Are weekly water cahnges enough or do you really have to vaccum the substrate with each water change. I have a fairly deep ~22" tank and is fairly heavily planted which makes it difficult to do a good vaccum job. Is a 15-20% weekly water change and floss change enough without going crazy vaccuming the substrate?

Thx


----------



## Darkblade48 (Jan 28, 2008)

Ever since going planted, I never vacuum my substrate anymore, as it would disturb the plants roots, etc.

Weekly water changes, and maybe skimming the surface of the substrate to suck up any excess detritus/mulm will be fine.


----------



## AquariAM (Jan 28, 2010)

davec said:


> Are weekly water cahnges enough or do you really have to vaccum the substrate with each water change. I have a fairly deep ~22" tank and is fairly heavily planted which makes it difficult to do a good vaccum job. Is a 15-20% weekly water change and floss change enough without going crazy vaccuming the substrate?
> 
> Thx


Vaccuum when you can. Don't let it get rediculous. You can vaccuum every other week no problem.


----------



## ameekplec. (May 1, 2008)

AquariAM said:


> Vaccuum when you can. Don't let it get rediculous.
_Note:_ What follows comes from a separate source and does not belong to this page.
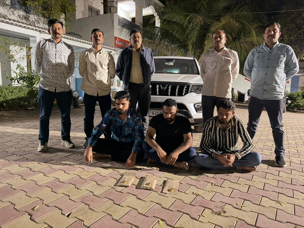 જે સુચના અને માર્ગદર્શન મુજબ લોકલ ક્રાઇમ બ્રાન્ય પશ્ચિમ કચ્છ-ભુજના પોલીસ ઇન્સ્પેકટરશ્રી એ.એમ.મકવાણા સાહેબ તથા પોલીસ સબ ઇન્સ્પેકટરશ્રી જે.બી.જાદવ સાહેબ તથા એમ.એચ.શીણોલ સાહેબનાઓએ ગેરકાયદેસર પ્રવૃતી કરતા ઇસમોને પકડી તેમના વિરૂધ્ધ કાયદેસરની કાર્યવાહી કરવા માટે સુચના અને માર્ગદર્શન આપેલ હોય જે સુચના મુજબ એ.એસ.આઇ. નિલેશભાઇ ભટ્ટ, અનિરૂધ્ધસિંહ રાઠોડ તથા પો.હેડ કોન્સ. ધર્મેન્દ્રકુમાર રાવલ, નવીનકુમાર જોષી, શક્તિસિંહ ગઢવી તથા પો.કોન્સ. ભરત ગઢવી તથા જીવરાજ ગઢવીનાઓ ભુજ શહેર વિસ્તારમાં પેટ્રોલીંગમાં હતા તે દરમ્યાન આશ્રમ ચોકડી પાસે પહોંચતા ભરત ગઢવી તથા જીવરાજ ગઢવીનાઓને સંયુક્ત રીતે ખાનગી રાહે બાતમી હકીકત મળેલ કે, “આસીફ અબ્દુલ બજાણીયા રહે ગંધીનગરી ભુજ વાળો પોતાના કબ્જાની મહીન્દ્રા કંપનીની સ્કોરપીઓ એન ગાડી જેના રજી નંબર જીજે ૧૨ એફ.ઇ. ૫૬૮૪ વાળીમાં તેના મળતીયાઓ સાથે હાલે નાગોર પુલીયા નજીક હાજર છે અને તે તેના મળતીયા સાથે મળી સોશ્યલ મીડીયા પ્લેટફોર્મ્સ (ફેસબુક અથવા ઇન્સ્ટાગ્રામ તેમજ વોટસએપ) એપ્લીકેશનમાં ખોટા નામે ફેક આઈ.ડી.ઓ બનાવી તે આઈ.ડી.ઓમાં તથા ગૃપો બનાવી સસ્તામાં સોનાના બિસ્કીટ આપવા સબંધેના વિડીયાઓ લોકોને લલચાવવા માટે લોભામણા વીડીયો બનાવી તે વીડીયાઓ મારફતે તેઓ વિવિધ લોકો સાથે સંપર્ક સાધી લાભ મેળવવાના બહાને વિશ્વાસમાં લઇ છેતરપીંડી કરે છે, તેના વિશ્વાસમાં આવેલ લોકો પાસેથી નાણાં પડાવી આર્થિક લાભ મેળવે છે તેમજ મેળવવાનો પ્રયાસ કરી રહેલ છે અને તેના કબ્જામાં તે મતલબેનો મુદ્દામાલ પડેલ છે.” જે આધારે વર્કઆઉટ કરી તપાસ કરતા ત્રણ ઇસમો (૧) આસીફ અબ્દુલ બજાણીયા ઉ.વ. ૩૩ રહે ગાંધીનગરી એર્પોર્ટ રોડ ભુજ તથા (૨) અફીદ અબ્દુલ રઝાક ચાકી ઉ.વ. ૨૫ રહે ખાટકી ફળીયુ ભુજ તથા (૩) અલીમામદ ઉર્ફે સાહીલ હનીફ કુરેશી ઉ.વ. ૨૨ રહે. જલારામ મંદીર પાછળ રવાણી ફળીયુ ભુજવાળા નાઓ મળી આવેલ અને તેઓની પાસેથી મળી આવેલ

You can vaccuum every other week no problem.


Not in a densely planted tank.

The upside to the dense planting is that the plants should b able to keep up with the nitrates produced from accumulated wastes - WCs should be able to keep the rest in check.

If your nitrates are getting out of hand, then I'd reconsider stocking/feeding/flow (too low flow won't keep detrius supended long enough to reach mechanical filtration).


----------